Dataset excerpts
※

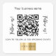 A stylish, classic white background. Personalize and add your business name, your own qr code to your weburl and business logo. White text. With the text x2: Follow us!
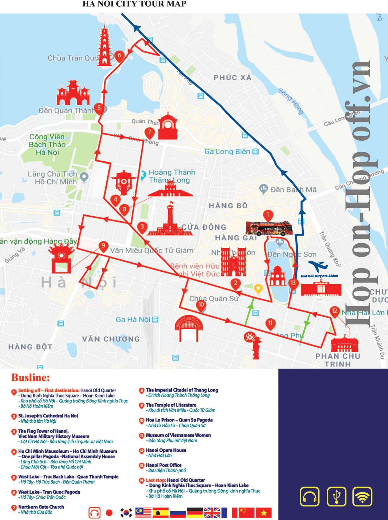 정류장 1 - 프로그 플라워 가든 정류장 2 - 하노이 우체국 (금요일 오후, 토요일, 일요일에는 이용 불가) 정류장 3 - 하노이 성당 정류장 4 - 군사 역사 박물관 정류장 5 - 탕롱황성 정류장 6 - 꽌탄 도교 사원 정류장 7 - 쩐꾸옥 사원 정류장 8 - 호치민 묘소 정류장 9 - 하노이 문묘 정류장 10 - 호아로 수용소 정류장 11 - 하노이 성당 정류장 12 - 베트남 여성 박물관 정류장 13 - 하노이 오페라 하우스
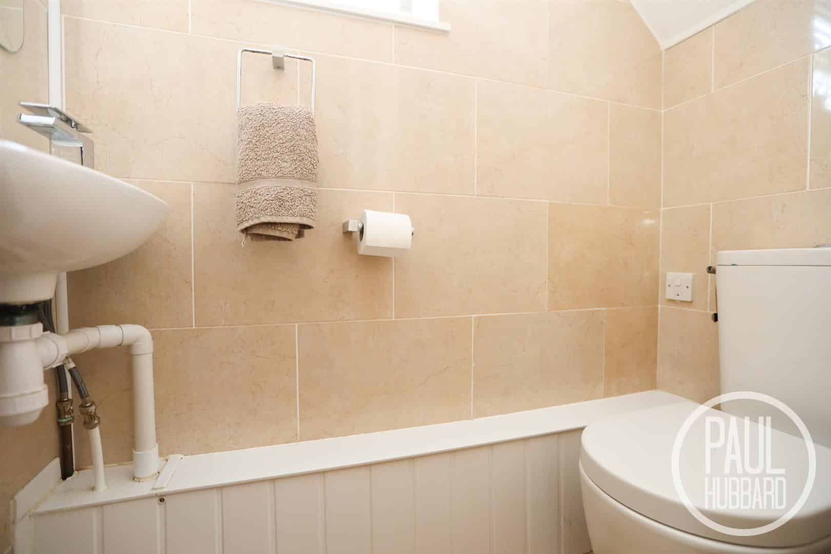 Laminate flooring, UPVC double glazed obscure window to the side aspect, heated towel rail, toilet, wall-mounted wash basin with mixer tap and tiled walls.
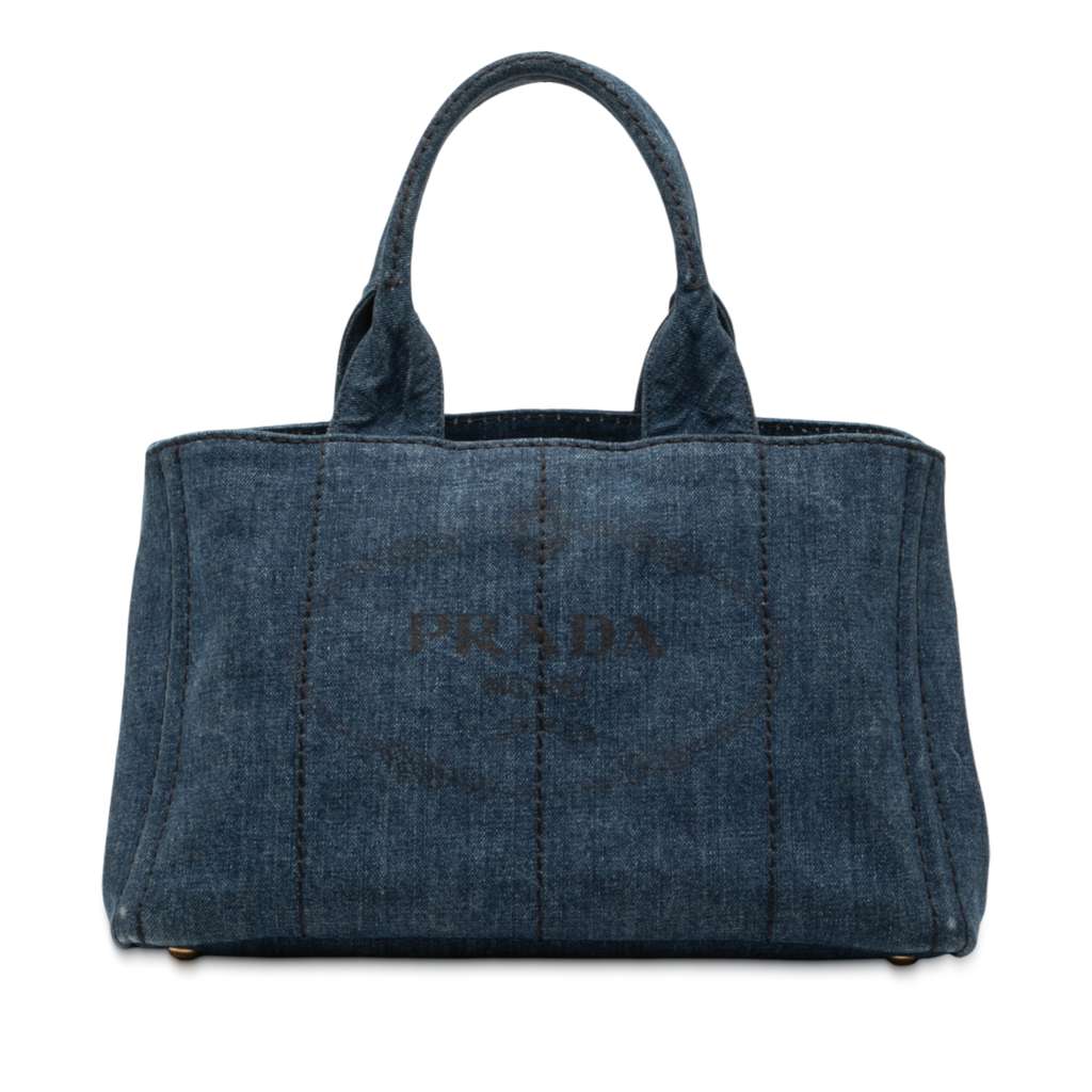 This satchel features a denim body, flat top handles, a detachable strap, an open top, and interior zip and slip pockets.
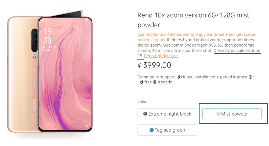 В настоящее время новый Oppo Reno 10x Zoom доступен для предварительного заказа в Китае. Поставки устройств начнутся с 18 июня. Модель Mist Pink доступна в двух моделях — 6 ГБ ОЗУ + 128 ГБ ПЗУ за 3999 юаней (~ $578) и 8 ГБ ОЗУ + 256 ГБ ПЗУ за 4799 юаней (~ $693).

※

» **What to work on**: The records above are to be retyped exactly, with every picture left out.

» **Response**:
 A stylish, classic white background. Personalize and add your business name, your own qr code to your weburl and business logo. White text. With the text x2: Follow us!
 정류장 1 - 프로그 플라워 가든 정류장 2 - 하노이 우체국 (금요일 오후, 토요일, 일요일에는 이용 불가) 정류장 3 - 하노이 성당 정류장 4 - 군사 역사 박물관 정류장 5 - 탕롱황성 정류장 6 - 꽌탄 도교 사원 정류장 7 - 쩐꾸옥 사원 정류장 8 - 호치민 묘소 정류장 9 - 하노이 문묘 정류장 10 - 호아로 수용소 정류장 11 - 하노이 성당 정류장 12 - 베트남 여성 박물관 정류장 13 - 하노이 오페라 하우스
 Laminate flooring, UPVC double glazed obscure window to the side aspect, heated towel rail, toilet, wall-mounted wash basin with mixer tap and tiled walls.
 This satchel features a denim body, flat top handles, a detachable strap, an open top, and interior zip and slip pockets.
 В настоящее время новый Oppo Reno 10x Zoom доступен для предварительного заказа в Китае. Поставки устройств начнутся с 18 июня. Модель Mist Pink доступна в двух моделях — 6 ГБ ОЗУ + 128 ГБ ПЗУ за 3999 юаней (~ $578) и 8 ГБ ОЗУ + 256 ГБ ПЗУ за 4799 юаней (~ $693).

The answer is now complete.